**DATA FOR REVIEW**:
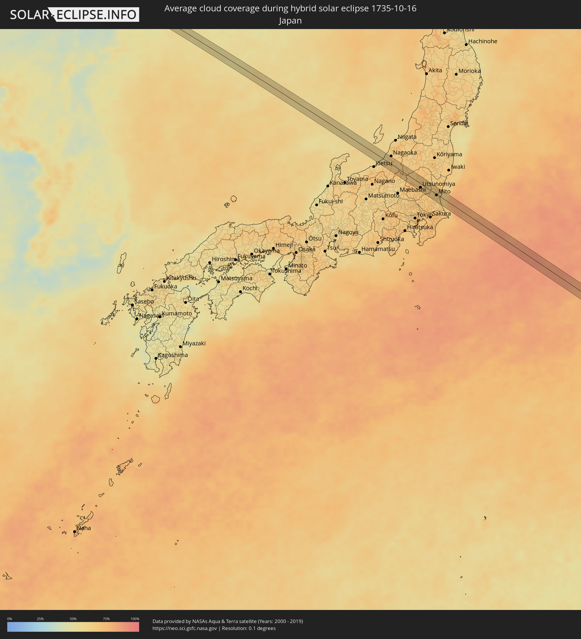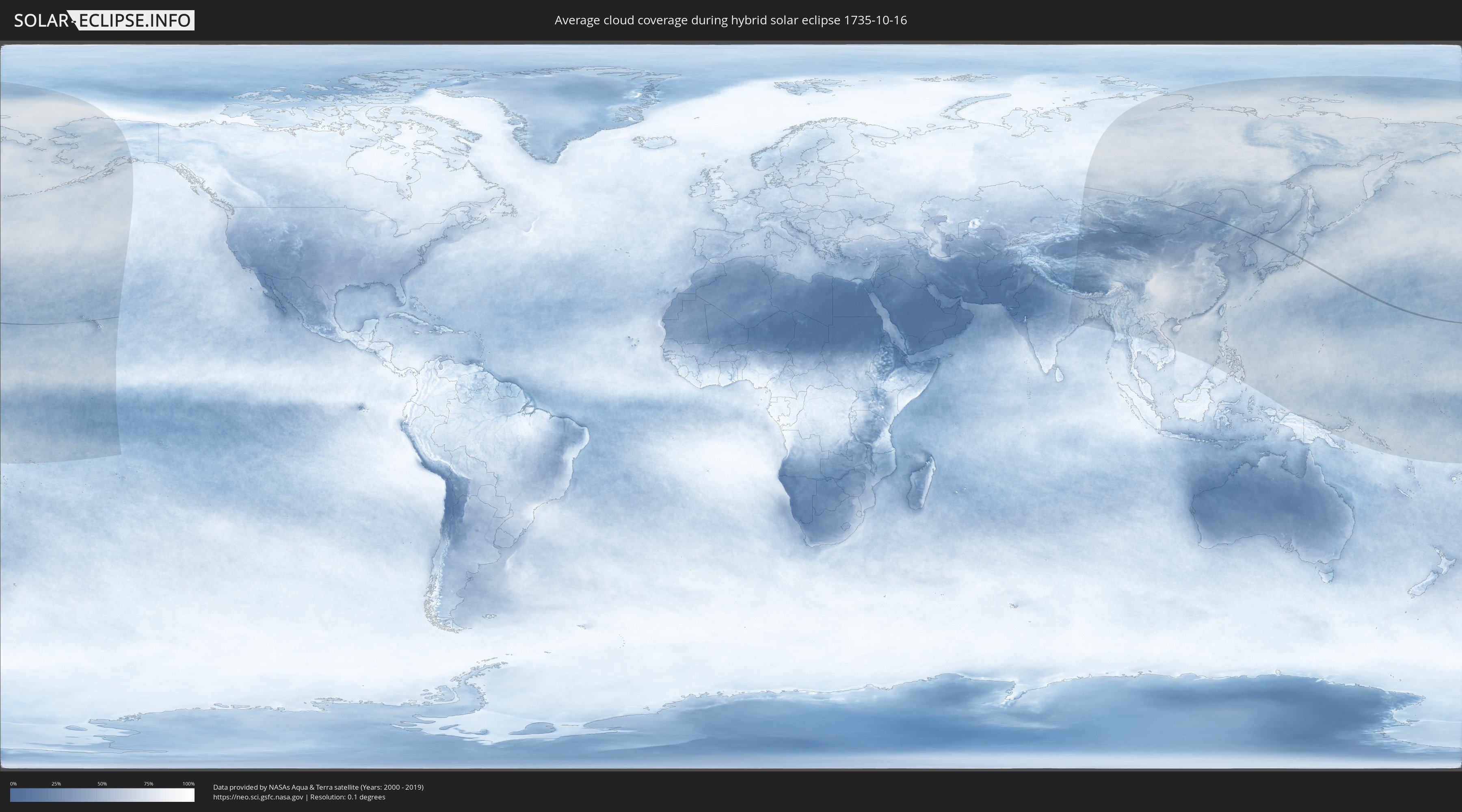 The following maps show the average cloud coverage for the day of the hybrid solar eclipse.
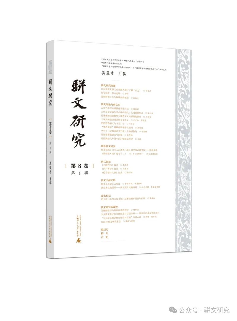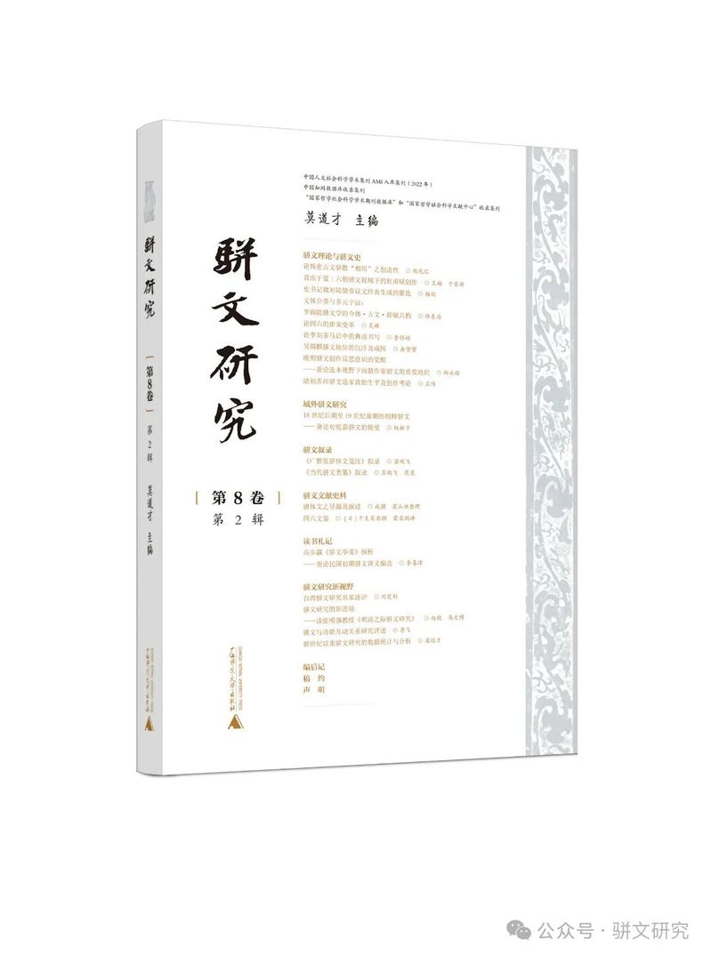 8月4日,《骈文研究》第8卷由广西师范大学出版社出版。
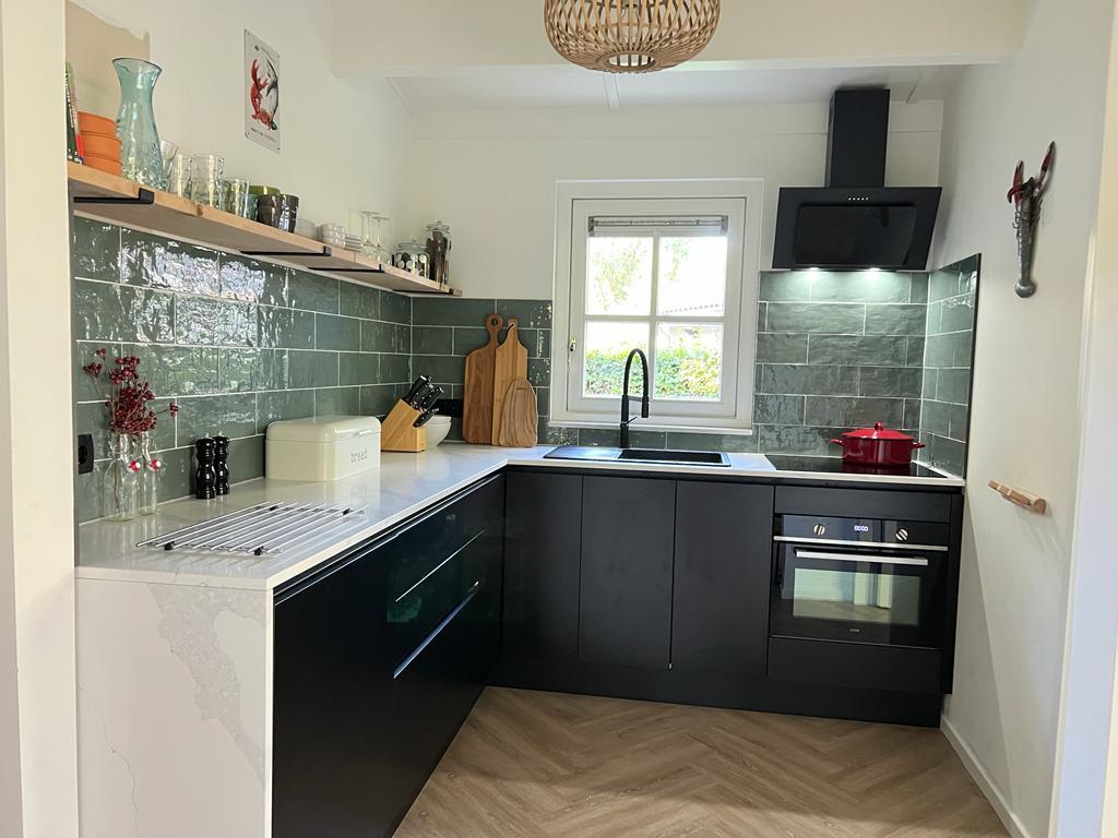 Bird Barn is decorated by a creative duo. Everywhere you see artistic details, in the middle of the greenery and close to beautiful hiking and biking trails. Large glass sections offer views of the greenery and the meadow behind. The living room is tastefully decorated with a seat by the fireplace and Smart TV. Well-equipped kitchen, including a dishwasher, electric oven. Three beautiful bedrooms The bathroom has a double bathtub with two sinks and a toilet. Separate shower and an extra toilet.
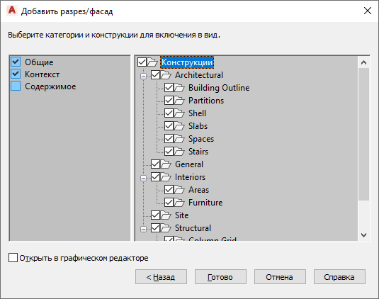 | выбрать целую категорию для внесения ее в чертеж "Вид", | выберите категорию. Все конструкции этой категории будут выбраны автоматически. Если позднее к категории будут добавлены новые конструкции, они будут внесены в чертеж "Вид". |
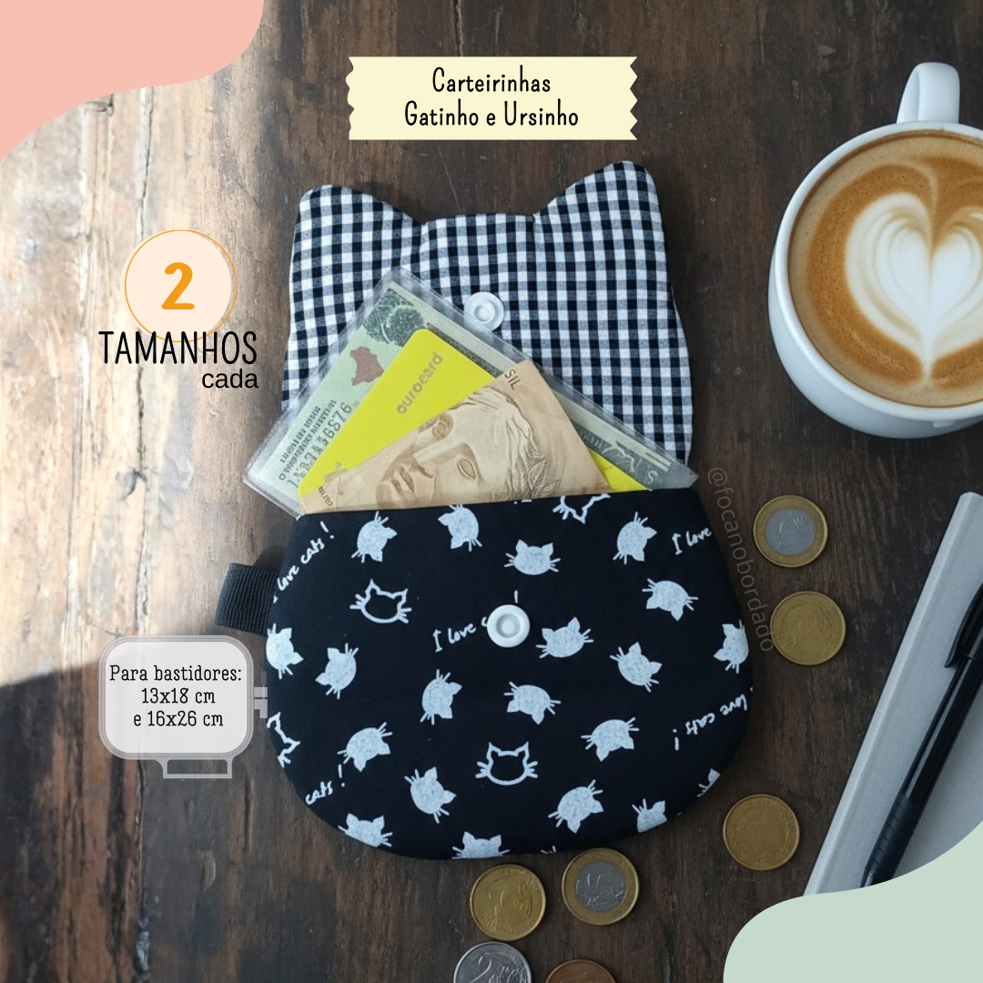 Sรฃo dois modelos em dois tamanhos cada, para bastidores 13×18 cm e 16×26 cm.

==

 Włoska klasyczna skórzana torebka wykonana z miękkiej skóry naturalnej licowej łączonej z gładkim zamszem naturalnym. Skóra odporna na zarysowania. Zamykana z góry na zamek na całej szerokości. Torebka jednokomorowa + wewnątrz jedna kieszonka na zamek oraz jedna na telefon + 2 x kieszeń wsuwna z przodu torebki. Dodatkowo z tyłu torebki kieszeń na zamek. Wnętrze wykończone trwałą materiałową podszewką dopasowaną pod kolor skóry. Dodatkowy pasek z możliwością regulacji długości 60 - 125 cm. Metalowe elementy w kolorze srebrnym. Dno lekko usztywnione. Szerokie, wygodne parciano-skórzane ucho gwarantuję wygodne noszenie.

...

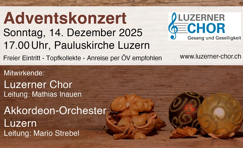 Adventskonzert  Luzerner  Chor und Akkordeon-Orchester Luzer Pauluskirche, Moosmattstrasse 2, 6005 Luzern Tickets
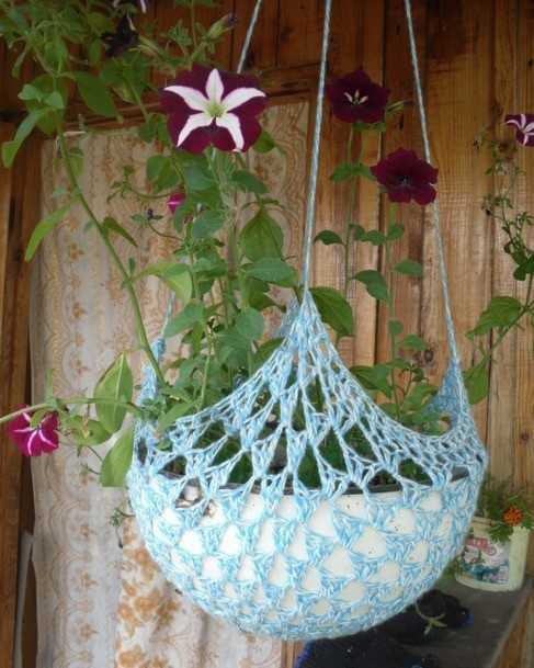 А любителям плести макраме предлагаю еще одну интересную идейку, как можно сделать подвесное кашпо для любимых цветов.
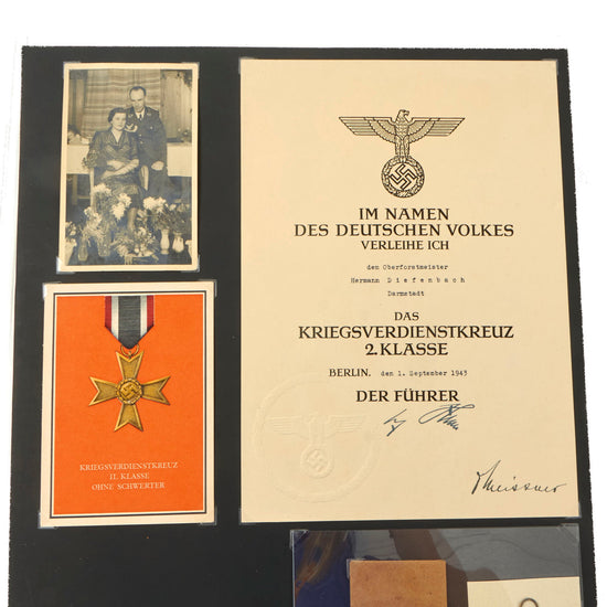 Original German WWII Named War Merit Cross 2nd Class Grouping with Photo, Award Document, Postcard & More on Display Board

**AIM OF THE TASK**: In the entries above, every line from the line with "The following maps" to the line with "8月4日,《骈文研究》第8卷由广西师范大学出版社出版。" is to be printed exactly, with both ends included and pictures excluded.

**RESPONSE BOX**:
 The following maps show the average cloud coverage for the day of the hybrid solar eclipse.
 8月4日,《骈文研究》第8卷由广西师范大学出版社出版。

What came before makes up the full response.